WORK TASK: Every line of the material needs an exact copy, apart from the images.

RECORDED DATA:
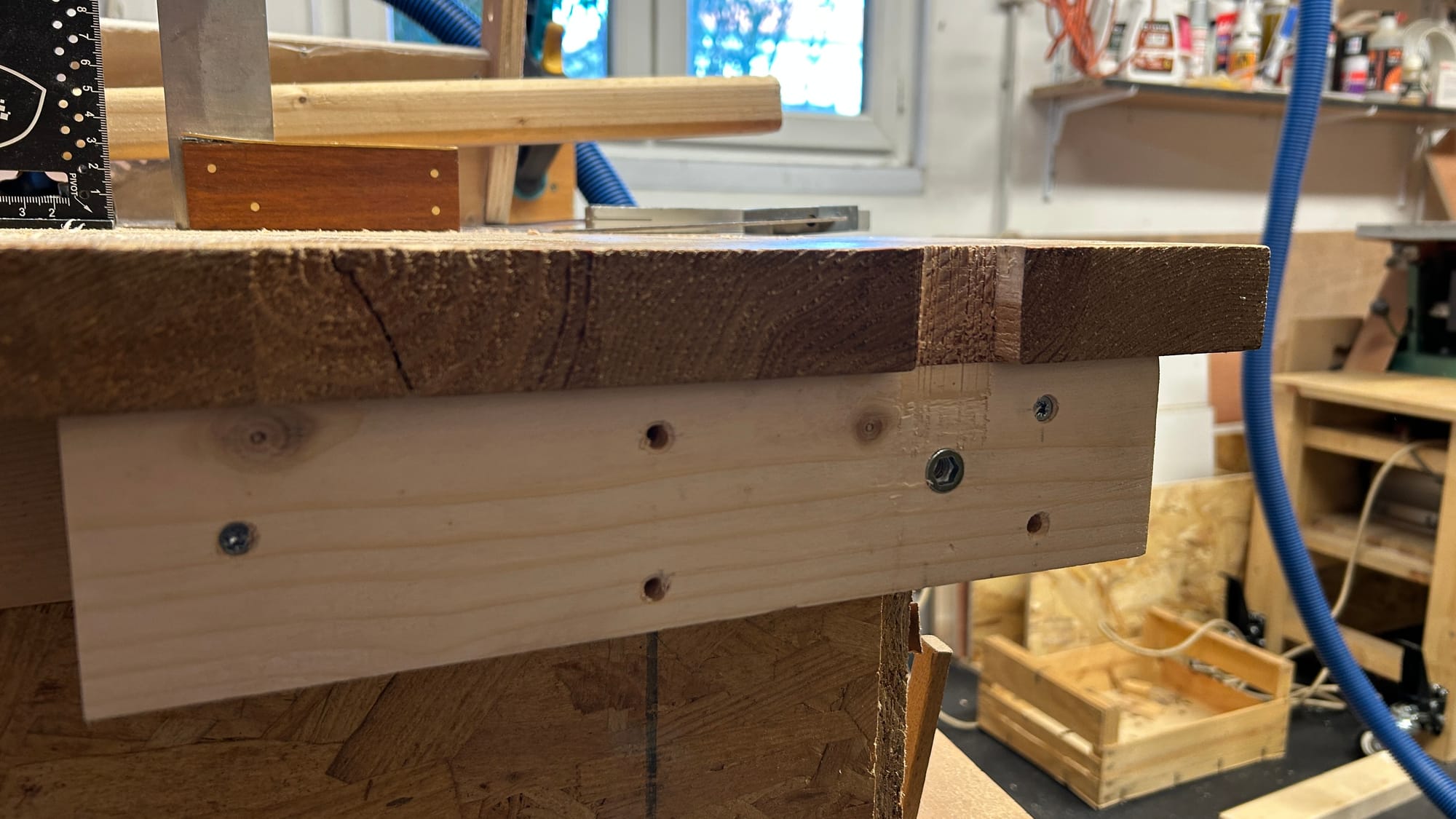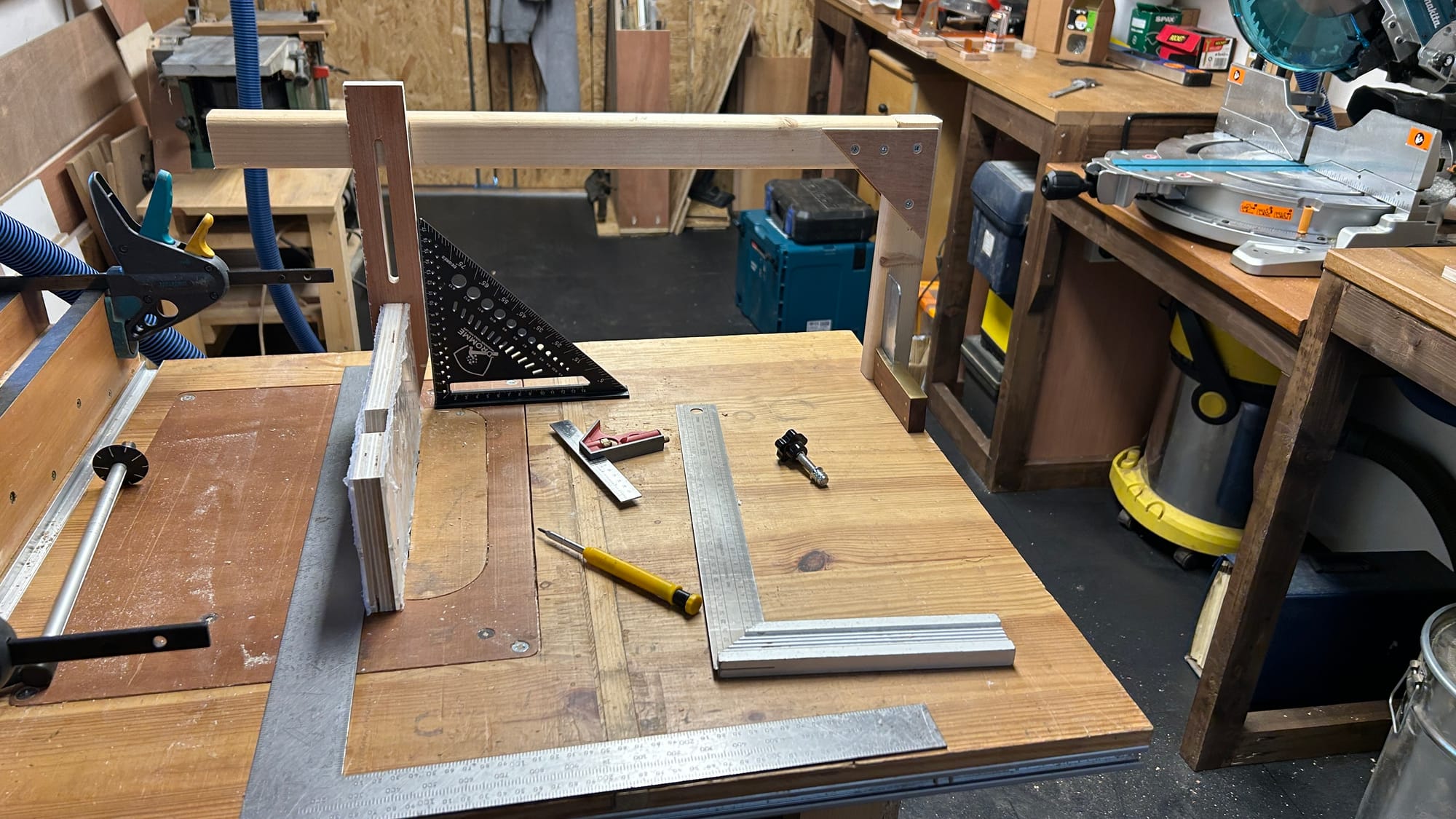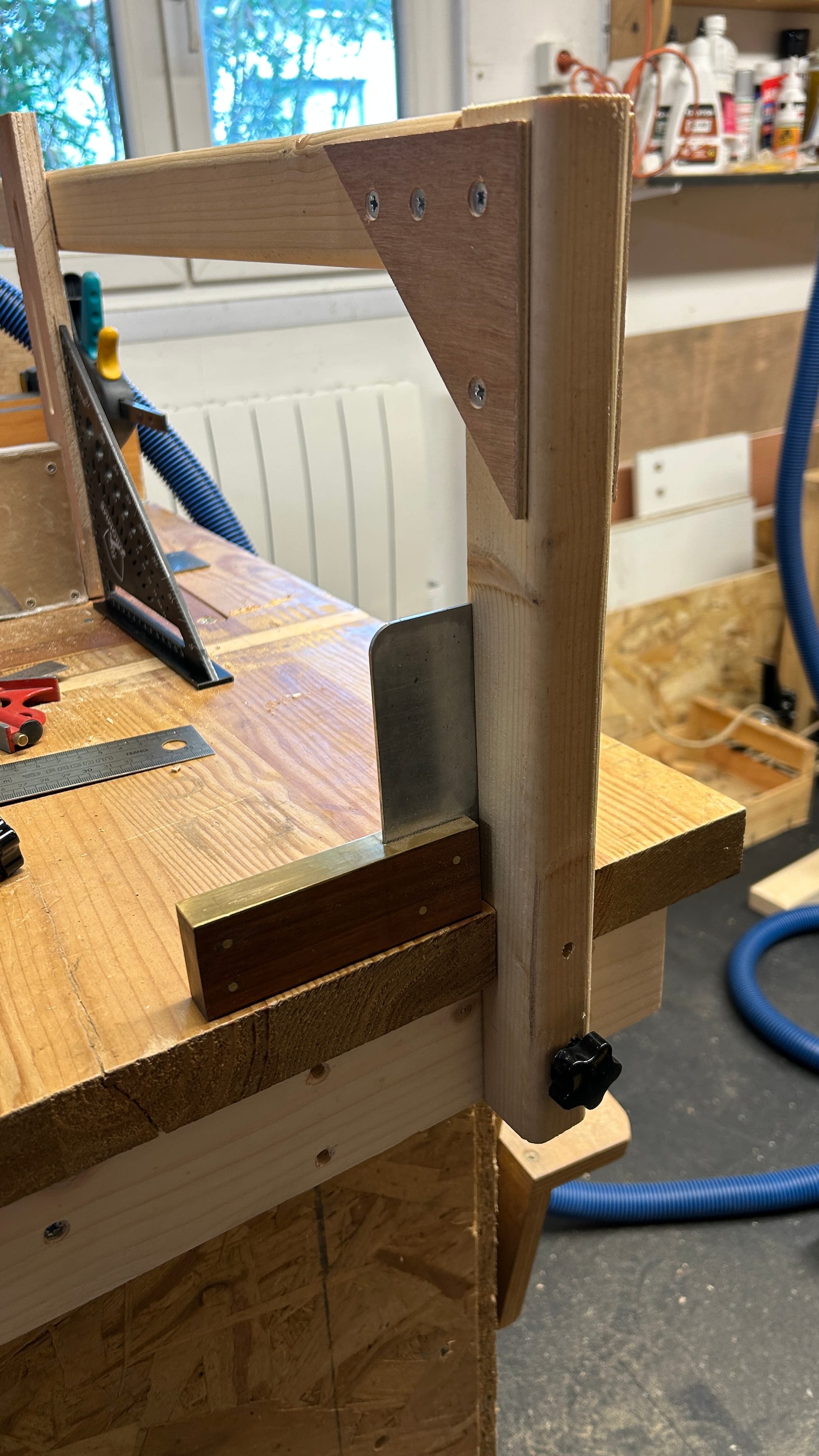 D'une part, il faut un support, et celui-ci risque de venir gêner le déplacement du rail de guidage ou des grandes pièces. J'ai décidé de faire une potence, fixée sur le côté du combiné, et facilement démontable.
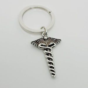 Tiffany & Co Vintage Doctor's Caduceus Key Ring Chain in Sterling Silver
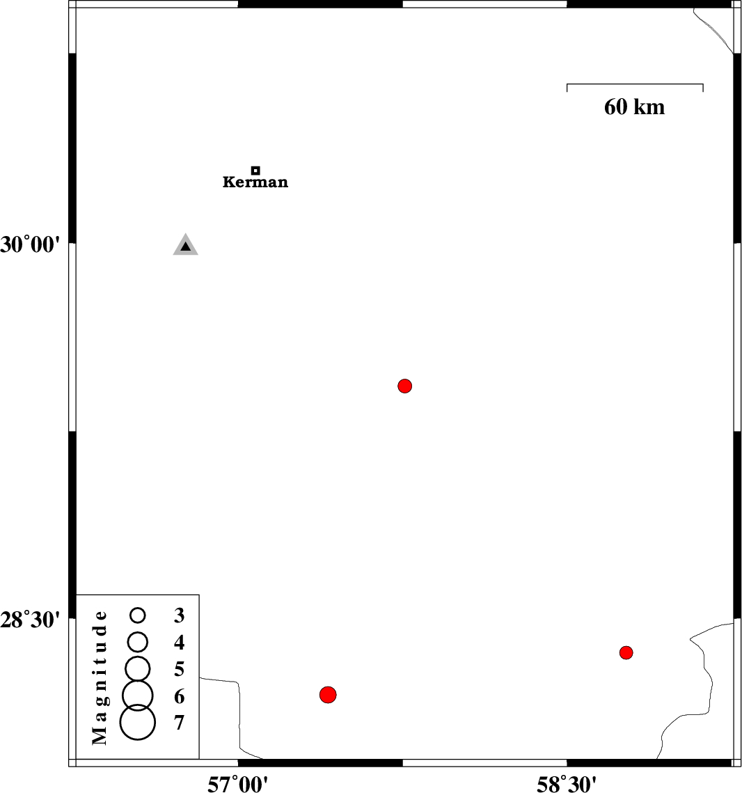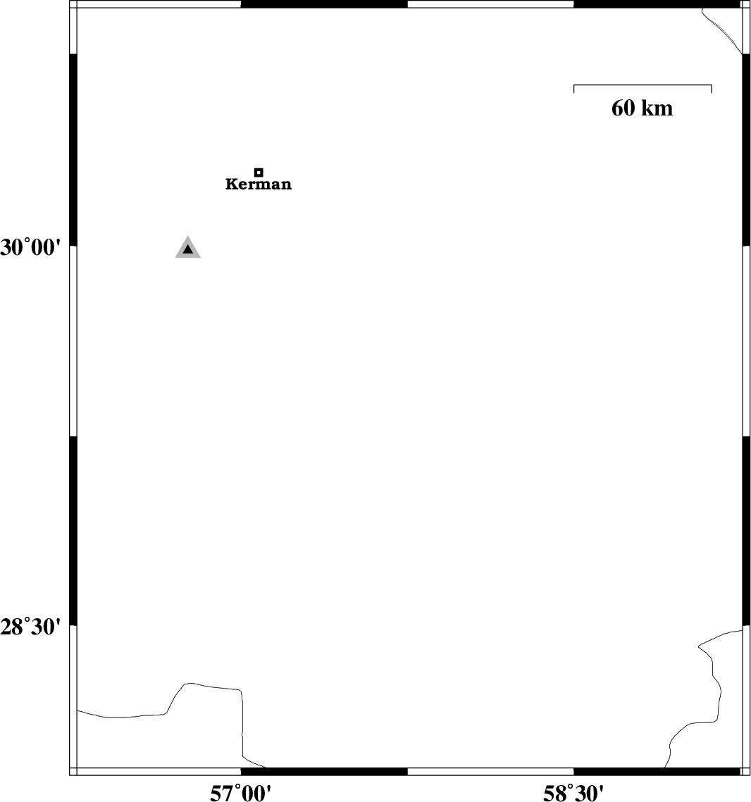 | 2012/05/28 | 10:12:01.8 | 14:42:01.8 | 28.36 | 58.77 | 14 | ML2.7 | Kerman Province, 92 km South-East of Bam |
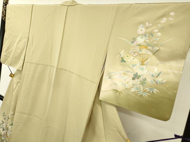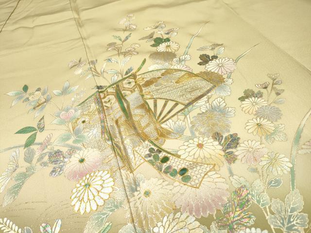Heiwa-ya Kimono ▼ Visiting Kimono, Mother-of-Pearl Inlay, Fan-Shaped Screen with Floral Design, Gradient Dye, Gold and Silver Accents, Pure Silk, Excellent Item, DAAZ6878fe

ANSWER SPACE:
 D'une part, il faut un support, et celui-ci risque de venir gêner le déplacement du rail de guidage ou des grandes pièces. J'ai décidé de faire une potence, fixée sur le côté du combiné, et facilement démontable.
 Tiffany & Co Vintage Doctor's Caduceus Key Ring Chain in Sterling Silver
 | 2012/05/28 | 10:12:01.8 | 14:42:01.8 | 28.36 | 58.77 | 14 | ML2.7 | Kerman Province, 92 km South-East of Bam |
Heiwa-ya Kimono ▼ Visiting Kimono, Mother-of-Pearl Inlay, Fan-Shaped Screen with Floral Design, Gradient Dye, Gold and Silver Accents, Pure Silk, Excellent Item, DAAZ6878fe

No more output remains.